Assigned task:
Identify every line in the records below that contains the word "striking", and reproduce each one.

Input for this task Block Start

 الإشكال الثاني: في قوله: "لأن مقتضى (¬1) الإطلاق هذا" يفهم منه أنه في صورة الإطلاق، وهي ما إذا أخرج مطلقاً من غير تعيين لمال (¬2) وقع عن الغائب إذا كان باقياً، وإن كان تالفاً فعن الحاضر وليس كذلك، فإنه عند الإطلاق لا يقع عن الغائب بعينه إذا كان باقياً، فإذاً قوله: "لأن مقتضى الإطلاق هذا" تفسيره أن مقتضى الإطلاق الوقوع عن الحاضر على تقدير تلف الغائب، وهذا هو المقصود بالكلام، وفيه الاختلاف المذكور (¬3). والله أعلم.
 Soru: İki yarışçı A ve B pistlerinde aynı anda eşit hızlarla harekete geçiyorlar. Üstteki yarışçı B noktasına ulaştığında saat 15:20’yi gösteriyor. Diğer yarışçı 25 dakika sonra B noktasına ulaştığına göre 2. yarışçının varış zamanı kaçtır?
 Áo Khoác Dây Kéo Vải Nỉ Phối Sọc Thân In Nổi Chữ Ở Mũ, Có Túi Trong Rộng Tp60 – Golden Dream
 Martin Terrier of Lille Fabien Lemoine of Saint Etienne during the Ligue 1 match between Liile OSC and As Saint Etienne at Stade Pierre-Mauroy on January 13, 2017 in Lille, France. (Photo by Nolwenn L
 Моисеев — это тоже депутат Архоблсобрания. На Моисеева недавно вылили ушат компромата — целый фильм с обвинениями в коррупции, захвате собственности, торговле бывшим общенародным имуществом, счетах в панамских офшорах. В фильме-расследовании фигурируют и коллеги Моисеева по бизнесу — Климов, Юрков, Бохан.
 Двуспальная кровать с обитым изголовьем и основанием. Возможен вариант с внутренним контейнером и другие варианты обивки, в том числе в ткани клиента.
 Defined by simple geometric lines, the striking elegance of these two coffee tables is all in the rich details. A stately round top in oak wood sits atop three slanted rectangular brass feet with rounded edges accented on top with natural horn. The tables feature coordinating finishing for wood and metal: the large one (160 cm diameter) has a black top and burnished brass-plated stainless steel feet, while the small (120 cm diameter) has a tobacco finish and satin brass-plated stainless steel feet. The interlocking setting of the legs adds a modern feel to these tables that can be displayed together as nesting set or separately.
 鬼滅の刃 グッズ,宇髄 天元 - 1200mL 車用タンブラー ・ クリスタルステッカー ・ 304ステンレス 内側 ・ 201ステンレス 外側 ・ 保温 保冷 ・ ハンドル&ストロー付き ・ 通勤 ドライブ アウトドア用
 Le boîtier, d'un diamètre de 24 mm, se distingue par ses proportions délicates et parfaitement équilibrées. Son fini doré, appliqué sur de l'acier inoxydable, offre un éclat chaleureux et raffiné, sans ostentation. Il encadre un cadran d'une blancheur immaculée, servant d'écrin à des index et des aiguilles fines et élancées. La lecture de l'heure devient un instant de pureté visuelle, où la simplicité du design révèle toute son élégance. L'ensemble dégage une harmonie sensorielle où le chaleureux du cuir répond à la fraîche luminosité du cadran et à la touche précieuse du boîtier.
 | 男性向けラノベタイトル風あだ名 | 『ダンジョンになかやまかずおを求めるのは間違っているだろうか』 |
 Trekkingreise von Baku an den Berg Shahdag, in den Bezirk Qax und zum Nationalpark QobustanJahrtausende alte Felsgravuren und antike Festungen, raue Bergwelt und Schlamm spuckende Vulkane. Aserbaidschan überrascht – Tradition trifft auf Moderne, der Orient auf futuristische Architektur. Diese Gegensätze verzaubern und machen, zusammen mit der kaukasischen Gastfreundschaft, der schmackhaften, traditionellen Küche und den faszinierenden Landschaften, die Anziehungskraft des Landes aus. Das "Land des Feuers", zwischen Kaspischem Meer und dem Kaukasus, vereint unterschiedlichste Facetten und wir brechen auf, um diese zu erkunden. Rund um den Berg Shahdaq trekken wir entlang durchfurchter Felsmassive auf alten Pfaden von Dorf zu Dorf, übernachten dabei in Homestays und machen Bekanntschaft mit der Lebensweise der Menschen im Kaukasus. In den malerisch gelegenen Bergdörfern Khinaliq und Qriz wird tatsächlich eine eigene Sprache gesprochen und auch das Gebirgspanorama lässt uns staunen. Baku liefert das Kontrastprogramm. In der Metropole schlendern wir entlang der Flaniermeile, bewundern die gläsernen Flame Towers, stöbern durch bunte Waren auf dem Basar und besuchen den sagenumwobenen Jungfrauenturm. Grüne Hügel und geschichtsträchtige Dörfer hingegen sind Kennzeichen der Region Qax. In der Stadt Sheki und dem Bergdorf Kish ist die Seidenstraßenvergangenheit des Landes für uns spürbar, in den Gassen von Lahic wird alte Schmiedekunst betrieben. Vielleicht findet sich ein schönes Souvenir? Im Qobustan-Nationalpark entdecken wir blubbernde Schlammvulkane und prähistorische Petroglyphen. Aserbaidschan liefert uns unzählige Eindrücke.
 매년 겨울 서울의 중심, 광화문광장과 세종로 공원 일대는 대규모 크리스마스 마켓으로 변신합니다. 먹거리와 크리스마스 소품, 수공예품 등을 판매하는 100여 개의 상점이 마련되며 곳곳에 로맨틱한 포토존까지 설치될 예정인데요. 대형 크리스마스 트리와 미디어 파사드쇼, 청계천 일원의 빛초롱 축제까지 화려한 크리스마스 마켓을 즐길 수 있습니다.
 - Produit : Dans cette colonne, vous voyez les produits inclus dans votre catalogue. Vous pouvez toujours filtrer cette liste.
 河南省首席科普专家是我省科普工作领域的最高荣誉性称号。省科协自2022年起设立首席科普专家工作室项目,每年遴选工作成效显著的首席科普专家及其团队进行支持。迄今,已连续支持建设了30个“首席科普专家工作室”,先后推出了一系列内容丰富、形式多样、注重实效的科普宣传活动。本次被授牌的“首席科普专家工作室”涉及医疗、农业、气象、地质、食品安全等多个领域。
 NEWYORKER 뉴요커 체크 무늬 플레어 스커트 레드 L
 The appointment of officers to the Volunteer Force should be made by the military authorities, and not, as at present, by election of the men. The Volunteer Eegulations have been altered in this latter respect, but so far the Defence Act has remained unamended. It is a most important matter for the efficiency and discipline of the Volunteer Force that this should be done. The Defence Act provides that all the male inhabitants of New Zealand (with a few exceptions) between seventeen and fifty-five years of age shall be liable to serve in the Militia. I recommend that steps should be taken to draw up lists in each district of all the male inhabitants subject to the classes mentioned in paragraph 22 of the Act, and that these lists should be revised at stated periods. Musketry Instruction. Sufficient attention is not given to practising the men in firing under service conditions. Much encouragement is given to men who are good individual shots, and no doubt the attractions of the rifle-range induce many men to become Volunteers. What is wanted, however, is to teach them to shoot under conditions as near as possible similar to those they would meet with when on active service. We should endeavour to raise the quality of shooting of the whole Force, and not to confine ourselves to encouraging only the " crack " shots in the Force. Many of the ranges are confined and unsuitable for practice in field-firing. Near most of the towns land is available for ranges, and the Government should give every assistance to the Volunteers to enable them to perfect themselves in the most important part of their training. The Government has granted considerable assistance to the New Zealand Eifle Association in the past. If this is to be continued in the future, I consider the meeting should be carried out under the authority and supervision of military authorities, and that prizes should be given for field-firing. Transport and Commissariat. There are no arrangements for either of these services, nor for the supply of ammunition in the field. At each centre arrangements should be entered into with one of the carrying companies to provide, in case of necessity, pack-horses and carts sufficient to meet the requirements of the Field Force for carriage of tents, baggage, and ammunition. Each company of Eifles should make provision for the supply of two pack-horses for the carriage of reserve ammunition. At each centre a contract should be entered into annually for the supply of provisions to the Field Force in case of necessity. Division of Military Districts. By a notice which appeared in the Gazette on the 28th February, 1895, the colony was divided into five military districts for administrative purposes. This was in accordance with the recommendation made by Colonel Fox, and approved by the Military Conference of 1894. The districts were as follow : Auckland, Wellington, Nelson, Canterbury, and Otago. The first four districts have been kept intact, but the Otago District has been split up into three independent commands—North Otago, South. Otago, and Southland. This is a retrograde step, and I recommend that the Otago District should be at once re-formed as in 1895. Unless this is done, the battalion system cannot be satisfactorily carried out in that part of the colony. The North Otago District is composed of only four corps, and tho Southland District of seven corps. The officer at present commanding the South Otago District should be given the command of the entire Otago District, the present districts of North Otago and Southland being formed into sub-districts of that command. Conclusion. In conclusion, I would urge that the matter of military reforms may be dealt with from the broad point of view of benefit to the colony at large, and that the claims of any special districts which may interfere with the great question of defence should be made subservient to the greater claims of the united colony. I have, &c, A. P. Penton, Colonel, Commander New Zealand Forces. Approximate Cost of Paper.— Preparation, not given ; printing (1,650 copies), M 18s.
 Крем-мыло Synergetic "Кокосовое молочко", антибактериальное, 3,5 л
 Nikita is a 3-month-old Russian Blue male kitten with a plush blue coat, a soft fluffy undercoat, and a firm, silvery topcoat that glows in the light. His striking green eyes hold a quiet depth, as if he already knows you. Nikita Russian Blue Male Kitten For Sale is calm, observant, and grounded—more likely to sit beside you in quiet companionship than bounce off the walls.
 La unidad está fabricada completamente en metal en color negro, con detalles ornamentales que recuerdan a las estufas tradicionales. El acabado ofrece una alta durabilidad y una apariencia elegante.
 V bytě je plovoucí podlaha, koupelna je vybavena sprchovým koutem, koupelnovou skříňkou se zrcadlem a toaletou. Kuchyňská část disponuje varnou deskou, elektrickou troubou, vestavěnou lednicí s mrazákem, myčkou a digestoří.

Input for this task Block End

Expected output:
 Defined by simple geometric lines, the striking elegance of these two coffee tables is all in the rich details. A stately round top in oak wood sits atop three slanted rectangular brass feet with rounded edges accented on top with natural horn. The tables feature coordinating finishing for wood and metal: the large one (160 cm diameter) has a black top and burnished brass-plated stainless steel feet, while the small (120 cm diameter) has a tobacco finish and satin brass-plated stainless steel feet. The interlocking setting of the legs adds a modern feel to these tables that can be displayed together as nesting set or separately.
 Nikita is a 3-month-old Russian Blue male kitten with a plush blue coat, a soft fluffy undercoat, and a firm, silvery topcoat that glows in the light. His striking green eyes hold a quiet depth, as if he already knows you. Nikita Russian Blue Male Kitten For Sale is calm, observant, and grounded—more likely to sit beside you in quiet companionship than bounce off the walls.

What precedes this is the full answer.